Я открыла сейф и достала накопитель.
— Здесь всё о Тритоне. Тоннель. Авария. Подкуп. Убийства свидетелей. И твой Эрик — да, тоже. Возьмёшь это и уйдёшь через старый технический выход. За пирсом будет катер.
— А вы?
— А я останусь.
— Он убьёт вас.
Я пожала плечами. Металл кулона на груди был холодный, как скальпель.
— Некоторые долги платят только одним способом.
Она шагнула ко мне неожиданно близко и, прежде чем я успела отшатнуться, поцеловала меня в уголок рта — быстро, солёно, глупо, отчаянно. Не как ребёнок. Не как дочь врага. Как человек, который только что увидел во тьме другого живого человека и решил отметить это прикосновением, пока мир опять не стал железом.
Меня будто ударило током в повреждённое горло.
Вот тебе и романтика. Не свечи. Не музыка. Не правильный мужчина у балкона. А чужие губы среди сирен и пыли.
— Идите со мной, — сказала она.
На секунду — всего на одну — я представила, как это могло бы быть. Рассвет. Катер. Холодный ветер. Новый город. Моё имя без шлейфа. Её голос без клетки. Две женщины, которые не обязаны никому ничего объяснять.
А потом сверху раздался скрежет металла.
Старый знакомый звук.
С него всё началось.
— Иди, — сказала я.
Она ушла. Через три шага обернулась. Через пять — уже нет. Правильно. Живые должны учиться не оглядываться слишком часто.
Когда дверь за ней закрылась, я поднялась наверх.
Эрик ждал у сцены. Свет уже вернули. Красный, вязкий, как внутренности. Его люди лежали между столиками — мои были быстрее. Он был один и всё ещё красив. Ненавижу красивых мужчин. Им прощают лицо, как другим прощают сиротство.
— Где архив? — спросил он.
— Уплыл.
Он усмехнулся.
— Ты всегда была умной.
— А ты всегда был продажным или это тоже следствие воспитания?
Он не ответил. Навёл пистолет.
Я смотрела ему в глаза и видела не зло. Усталость. Голод. Страх. Желание выжить любой ценой. Всё то, из чего и делают удобных чудовищ для богатых людей.

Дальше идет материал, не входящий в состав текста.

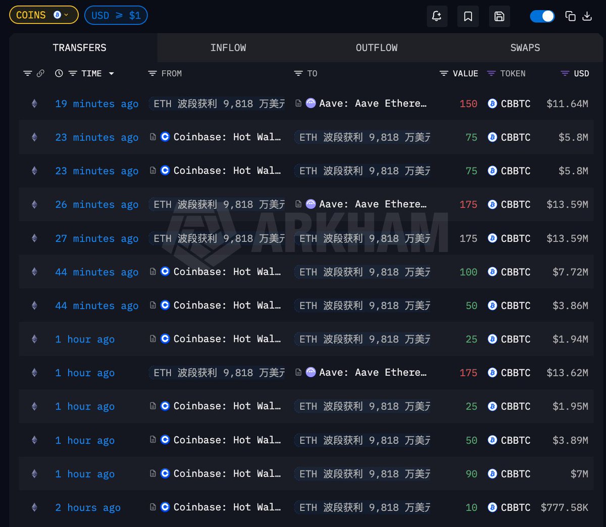 ▶︎ 过去 2 小时首次建仓 500 枚 cbBTC,价值 3874 万美元,均价 $77484.46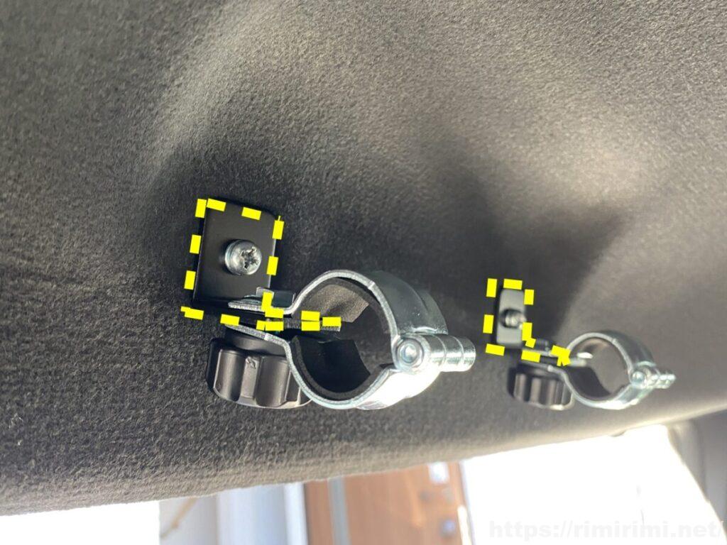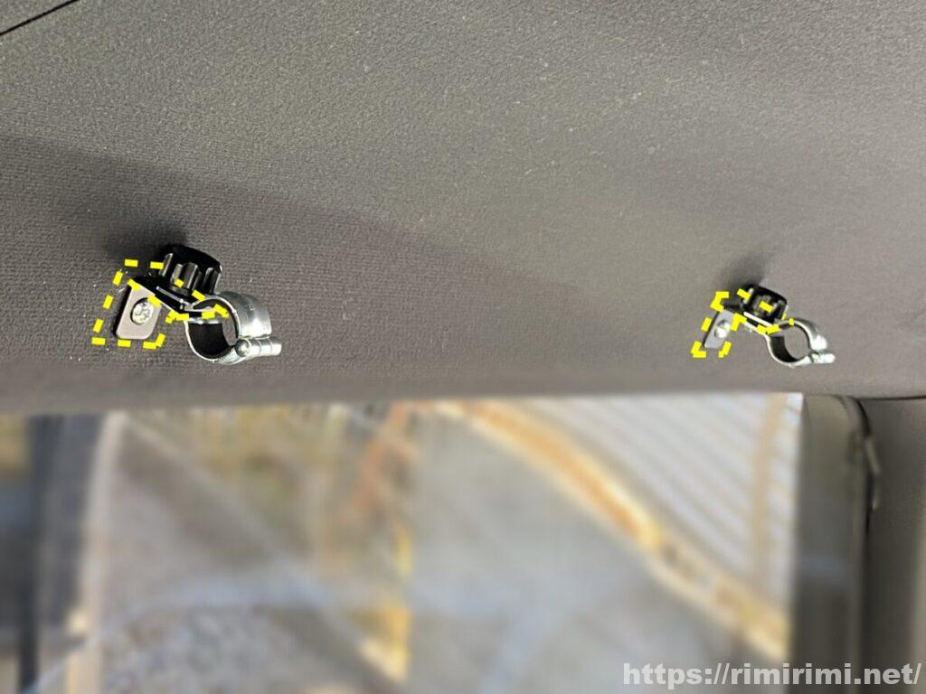 後方の天井内張りを少しめくって覗くと、先ほど内張りクリップを外した2か所にステー(車両側にもともと付いている金具)があるのが見えます。

— Знаешь, что самое смешное? — спросила я. — Тритон думает, что это ты его пёс. А псы, когда их долго бьют, иногда кусают руку.
Он дёрнулся. Едва заметно. Достаточно. Я нажала вторую кнопку. Газ пошёл снизу, из вентиляции сцены. Мой последний отвлекающий манёвр. Последний фокус старой ведьмы. Он понял слишком поздно. Потом было пламя.
На рассвете город снова выглядел чистым.
Новости называли это разборкой, терактом, утечкой, несчастным случаем, местью, политическим скандалом. Акции компании Тритона рухнули через двое суток. Ариэль исчезла из дома отца в тот же день. Эрика нашли мёртвым. Меня — нет.
Пусть так.
Иногда, когда воздух у воды становится сырым и пахнет гарью, мне кажется, я всё ещё слышу её голос. Не тот, которым поют. Тот, которым зовут по имени в темноте.
И я думаю о простой вещи, от которой уже поздно морщиться: злодеями не рождаются. Их лепят чужими руками, чужой жадностью, чужим страхом, чужой любовью, которую вовремя подменили сделкой.
А потом ужасаются форме.
Скажи мне теперь — кто из нас утонул первым?